Proving that $\frac{1}{\sqrt{1}}+\frac{1}{\sqrt{2}}+\dots+\frac{1}{\sqrt{100}}<20$

How do I prove that:

$$\frac{1}{\sqrt{1}}+\frac{1}{\sqrt{2}}+\dots+\frac{1}{\sqrt{100}}<20$$

Do I use induction?

Solutions Collecting From Web of "Proving that $\frac{1}{\sqrt{1}}+\frac{1}{\sqrt{2}}+\dots+\frac{1}{\sqrt{100}}<20$"
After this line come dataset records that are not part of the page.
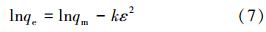 式中,qm是計(jì)算的最大吸附量(mg · g-1),k是D-R常數(shù)(mol2 · kJ-2),表示polanyi 能(J · mol-1),它的計(jì)算式為: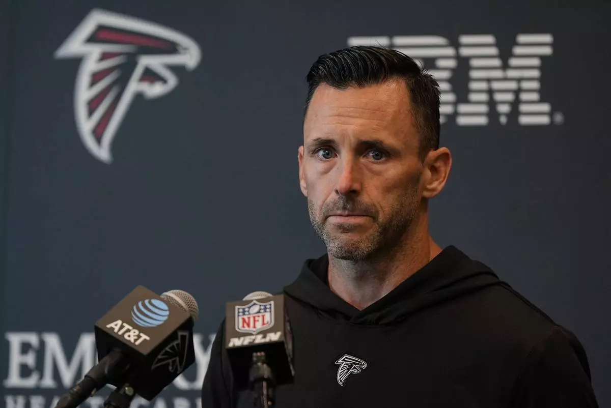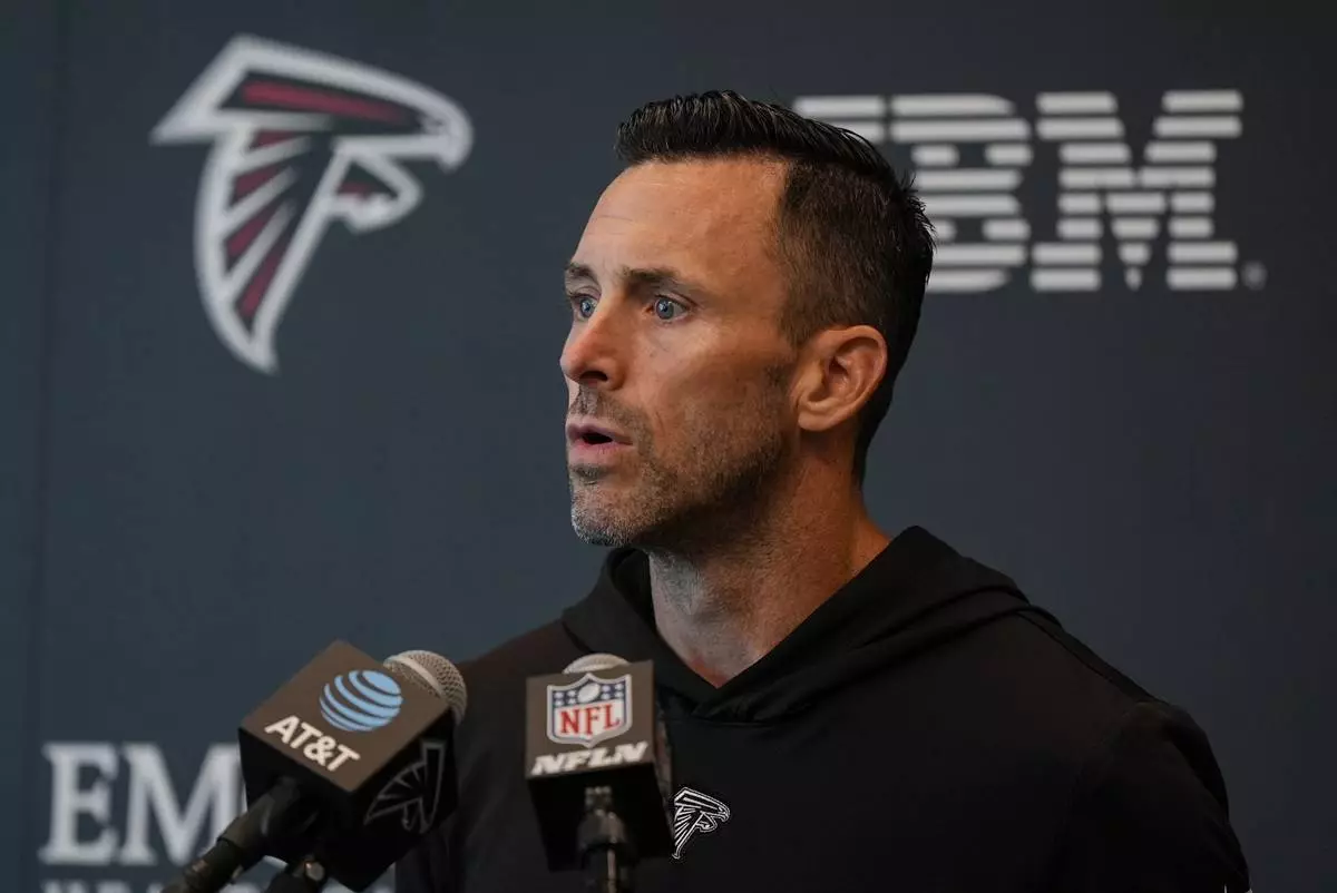 Assistant General Manager Kyle Smith speaks during an Atlanta Falcons training camp, Saturday, July 26, 2025, in Flowery Branch. (AP Photo/Mike Stewart)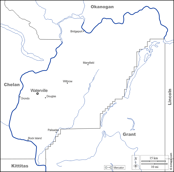 d-maps > United States of America (USA) > Washington > Douglas County > boundaries, hydrography, main cities, names, white

Prove the following claim using induction on $n$:
$$\sum_{k=1}^n \dfrac1{\sqrt{k}} < 2 \sqrt{n}$$

In the induction, you will essentially need to show that
$$2\sqrt{n} +\dfrac1{\sqrt{n+1}} < 2 \sqrt{n+1} \tag{$\star$}$$

To prove $(\star)$, note that
$$\sqrt{n} < \sqrt{n+1} \implies \sqrt{n} + \sqrt{n+1} <2 \sqrt{n+1} \implies \dfrac1{\sqrt{n+1}} < \dfrac2{\sqrt{n} + \sqrt{n+1}}$$
Multiplying and divding the right hand side by $(\sqrt{n+1} – \sqrt{n})$, we get
$$\dfrac1{\sqrt{n+1}} < \dfrac2{\sqrt{n} + \sqrt{n+1}}\cdot \dfrac{\sqrt{n+1} – \sqrt{n}}{\sqrt{n+1} – \sqrt{n}} = 2({\sqrt{n+1} – \sqrt{n}})$$
which gives us $(\star)$.

You can use integral:

$$\frac { 1 }{ \sqrt { 1 } } +\frac { 1 }{ \sqrt { 2 } } +\dots +\frac { 1 }{ \sqrt { 100 } } <\int _{ 0 }^{ 100 }{ \frac { 1 }{ \sqrt { x } } } dx=20$$

You can imagine approximating the integral with rectangles of side $\frac { 1 }{ \sqrt { n } }$ and $1$, will give less area than the integral because of the behaviour of the curve.